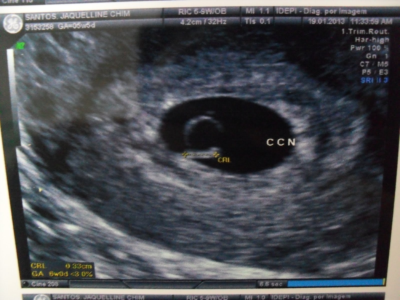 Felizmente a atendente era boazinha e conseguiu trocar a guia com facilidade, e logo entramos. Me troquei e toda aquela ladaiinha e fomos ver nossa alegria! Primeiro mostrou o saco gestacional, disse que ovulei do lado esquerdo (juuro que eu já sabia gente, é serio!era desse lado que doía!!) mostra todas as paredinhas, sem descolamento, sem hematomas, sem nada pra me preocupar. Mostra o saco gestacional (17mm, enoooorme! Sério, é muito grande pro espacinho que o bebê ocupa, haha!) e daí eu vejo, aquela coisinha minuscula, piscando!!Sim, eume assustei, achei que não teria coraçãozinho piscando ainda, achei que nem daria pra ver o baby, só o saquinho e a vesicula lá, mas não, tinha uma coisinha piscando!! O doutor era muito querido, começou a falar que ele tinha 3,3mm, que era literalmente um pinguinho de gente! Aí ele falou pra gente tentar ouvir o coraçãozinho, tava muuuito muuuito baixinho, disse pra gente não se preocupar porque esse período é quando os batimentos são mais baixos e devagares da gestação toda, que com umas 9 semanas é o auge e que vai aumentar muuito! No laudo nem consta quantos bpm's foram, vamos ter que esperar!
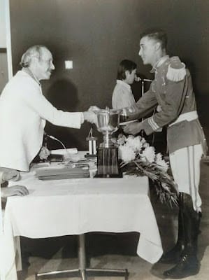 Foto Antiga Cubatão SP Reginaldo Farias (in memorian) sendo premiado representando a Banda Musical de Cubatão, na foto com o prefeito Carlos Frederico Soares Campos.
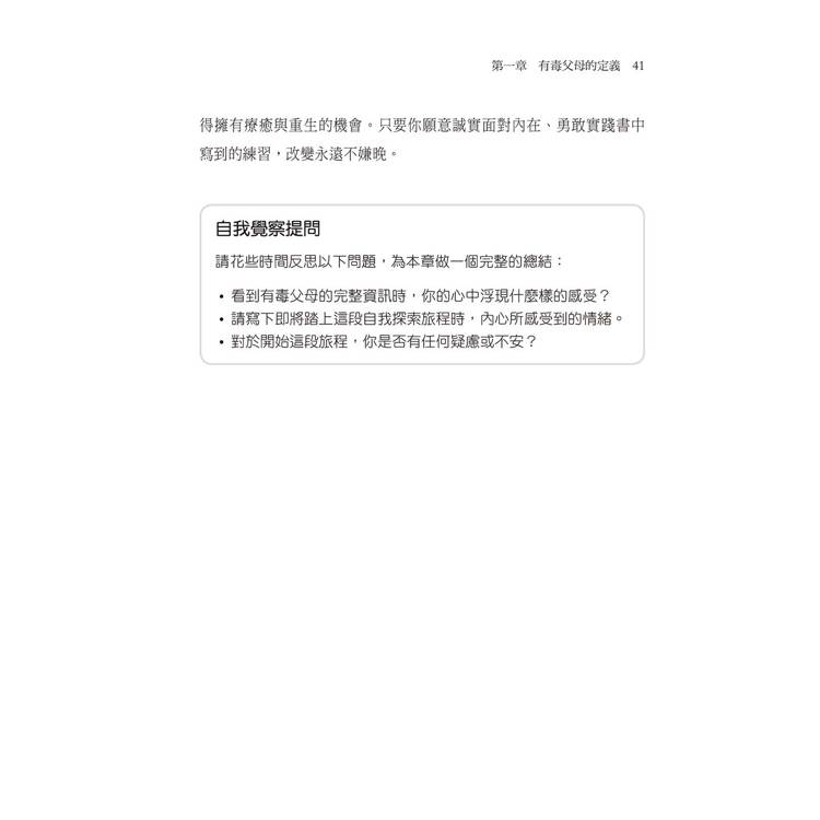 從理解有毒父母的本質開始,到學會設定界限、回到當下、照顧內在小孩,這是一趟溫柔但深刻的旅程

_What is being asked_: The response must repeat all the lines above exactly and include no pictures.

_Result below_:
 Felizmente a atendente era boazinha e conseguiu trocar a guia com facilidade, e logo entramos. Me troquei e toda aquela ladaiinha e fomos ver nossa alegria! Primeiro mostrou o saco gestacional, disse que ovulei do lado esquerdo (juuro que eu já sabia gente, é serio!era desse lado que doía!!) mostra todas as paredinhas, sem descolamento, sem hematomas, sem nada pra me preocupar. Mostra o saco gestacional (17mm, enoooorme! Sério, é muito grande pro espacinho que o bebê ocupa, haha!) e daí eu vejo, aquela coisinha minuscula, piscando!!Sim, eume assustei, achei que não teria coraçãozinho piscando ainda, achei que nem daria pra ver o baby, só o saquinho e a vesicula lá, mas não, tinha uma coisinha piscando!! O doutor era muito querido, começou a falar que ele tinha 3,3mm, que era literalmente um pinguinho de gente! Aí ele falou pra gente tentar ouvir o coraçãozinho, tava muuuito muuuito baixinho, disse pra gente não se preocupar porque esse período é quando os batimentos são mais baixos e devagares da gestação toda, que com umas 9 semanas é o auge e que vai aumentar muuito! No laudo nem consta quantos bpm's foram, vamos ter que esperar!
 Foto Antiga Cubatão SP Reginaldo Farias (in memorian) sendo premiado representando a Banda Musical de Cubatão, na foto com o prefeito Carlos Frederico Soares Campos.
 從理解有毒父母的本質開始,到學會設定界限、回到當下、照顧內在小孩,這是一趟溫柔但深刻的旅程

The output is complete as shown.